DAESO The determination of the LoTbench One of the central difficulties of the methodology.

Why do you need DAESO Judgment? One of the key features of creativity tasks is their openness and variety. Humans can come up with many different, but equally creative and humorous, answers to the same "Japanese cold troll" scenario. As shown in Figure 5, both "vibrant alarm clock" and "vibrant cell phone" are centered on the core idea that "the object beats and makes sounds due to its vibrancy", and both achieve similar humorous effects. The humor effect is similar.

Figure 5

Simply matching the surface of words or regular semantic similarity calculations cannot accurately capture this deep creative similarity. For example, although "energetic flea" also has the word "energetic", it lacks the functional association of "sound reminder" implied by "alarm clock" or "cell phone". The functional association of "sound reminding" implied by "alarm clock" or "cell phone" is missing.

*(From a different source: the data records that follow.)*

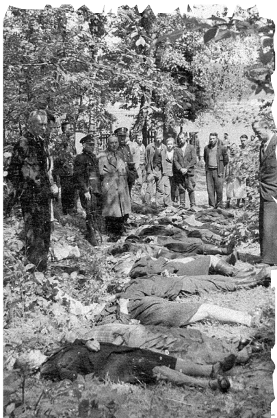
■ Ofiary napadu na pociąg pod Zatyłem (k. Lubyczy Królewskiej) dokonany 16 czerwca 1944 r. przez UPA. KARTA

Tragiczne wydarzenia 1943 r. na Wołyniu miały istotny wpływ na rozwój polskiego ruchu partyzanckiego, w tym powstanie największej jednostki partyzanckiej w okresie okupacji – 27 Wołyńskiej Dywizji Piechoty Armii Krajowej. Dywizja, która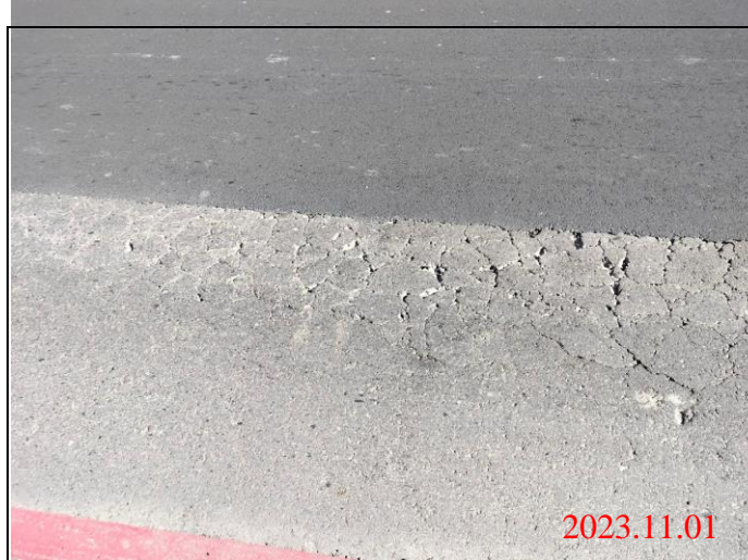
巡查日期地點：112.11.01/ Y23車站 照片說明：路面龜裂狀況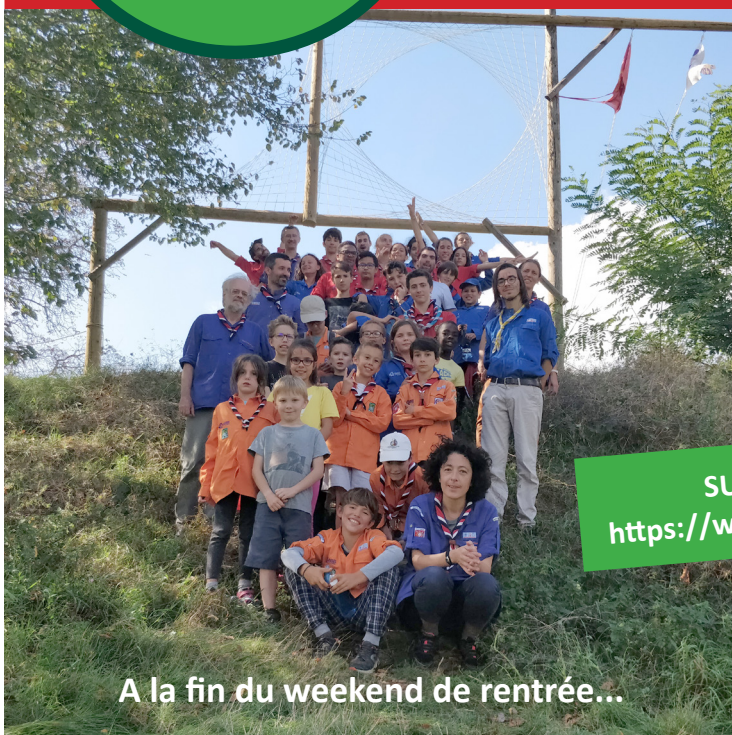
A la fin du weekend de rentrée...

le samedi 22 juin, c'est la Fête du groupe ! Enfants, jeunes, parents et amis sont invités !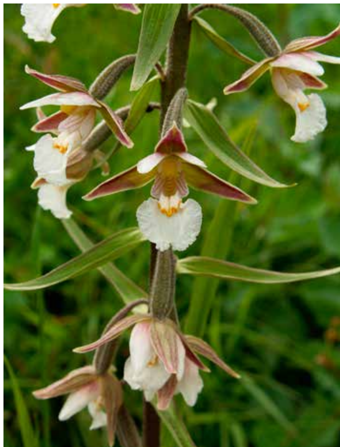
Orchidej kruštík bahenní rozkvétá o něco později než prstnatce.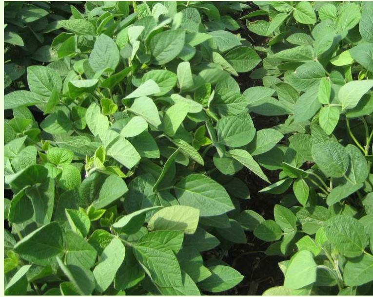
Soya ikiwa shambani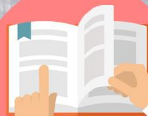
105學年度 免試入學續招資訊網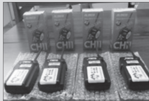
小電力トランシーバー

防災資機材を整備しました (財)自治総合センターでは、市町村やコミュニティ組織に対して宝くじの売上金の一部を助成する事業を行っています。この助成事業は、コミュニティの健全な発展と自治宝くじの普及広報を目的としています。 市ではこの助成を受け、和泉自主防災会、裏見台自治会自主防災会、細尾町自主防災会、瀬川町自主防災会、山口自主防災会に消火器や小電力トランシーバーなどの防災資機材を整備しました。 皆さんで大切に使用し、地域の防災力を高めましょう。 問：総務課 ☎(21)5130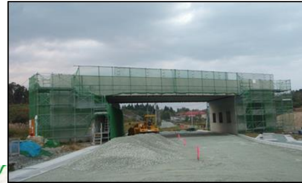
村山北(1)IC橋 (山形方向)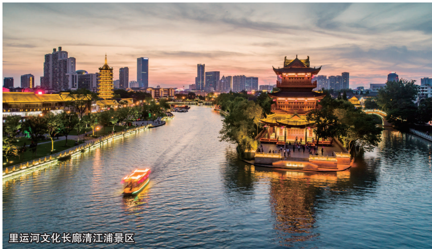
里运河文化长廊清江浦景区

4月17日至19日，“长三角媒体看淮安”的记者们齐聚运河名城淮安，开展集中采访采风活动。三天时间内，媒体采风团深入淮安市下辖清江浦区、淮安区等区的运河景点、历史古镇、遗址遗迹等采风调研，记录淮安的运河基因、山水之美和美食风情，展示淮安独特的人文历史和景观魅力，不断提升淮安文旅品牌的知名度、美誉度。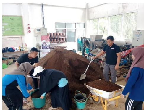
Gambar 6. Penyimpanan Bahan Jadi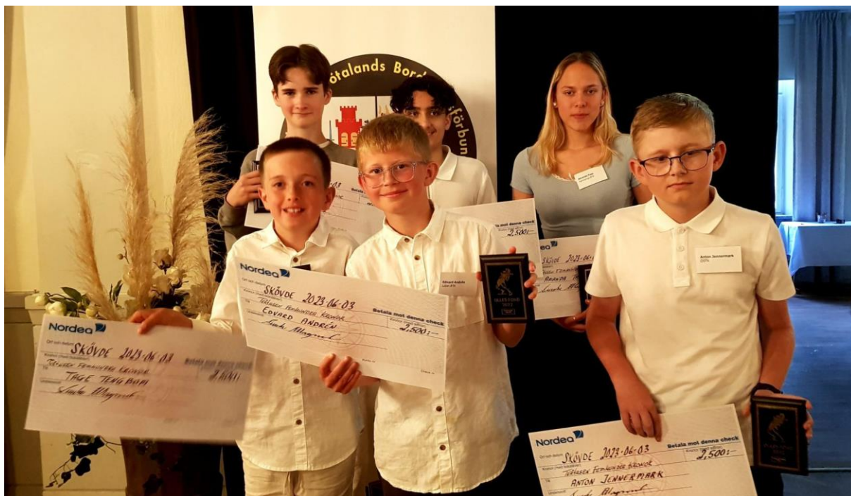
Bild: Prisutdelning på Pingisgalan med stipendiater från Olles Fond.

It is therefore important to introduce a mechanism for determining "similarity and difference".

How to realize DAESO Judgment?

Figure 6

In the paper, the researcher suggests that two responses that are to satisfy the DAESO , two conditions need to be met at the same time:

  1. Same core innovation explained: The creative logic or humor behind both responses is essentially the same.
  2. Same functional similarity: The two responses are similar in their "function" or "scene role" in eliciting humor.

Functional similarity is different from pure semantic similarity. As the example in Fig. 6(a) shows, in the specific functional scenario of "smashing walnuts", the functional similarity between "Nokia cell phone" and "hammer" may be higher than the semantic similarity between "Samsung cell phone" and "Samsung cell phone". The semantic similarity between "Nokia cell phone" and "hammer" may be higher than the semantic similarity between "Samsung cell phone" and "Samsung cell phone".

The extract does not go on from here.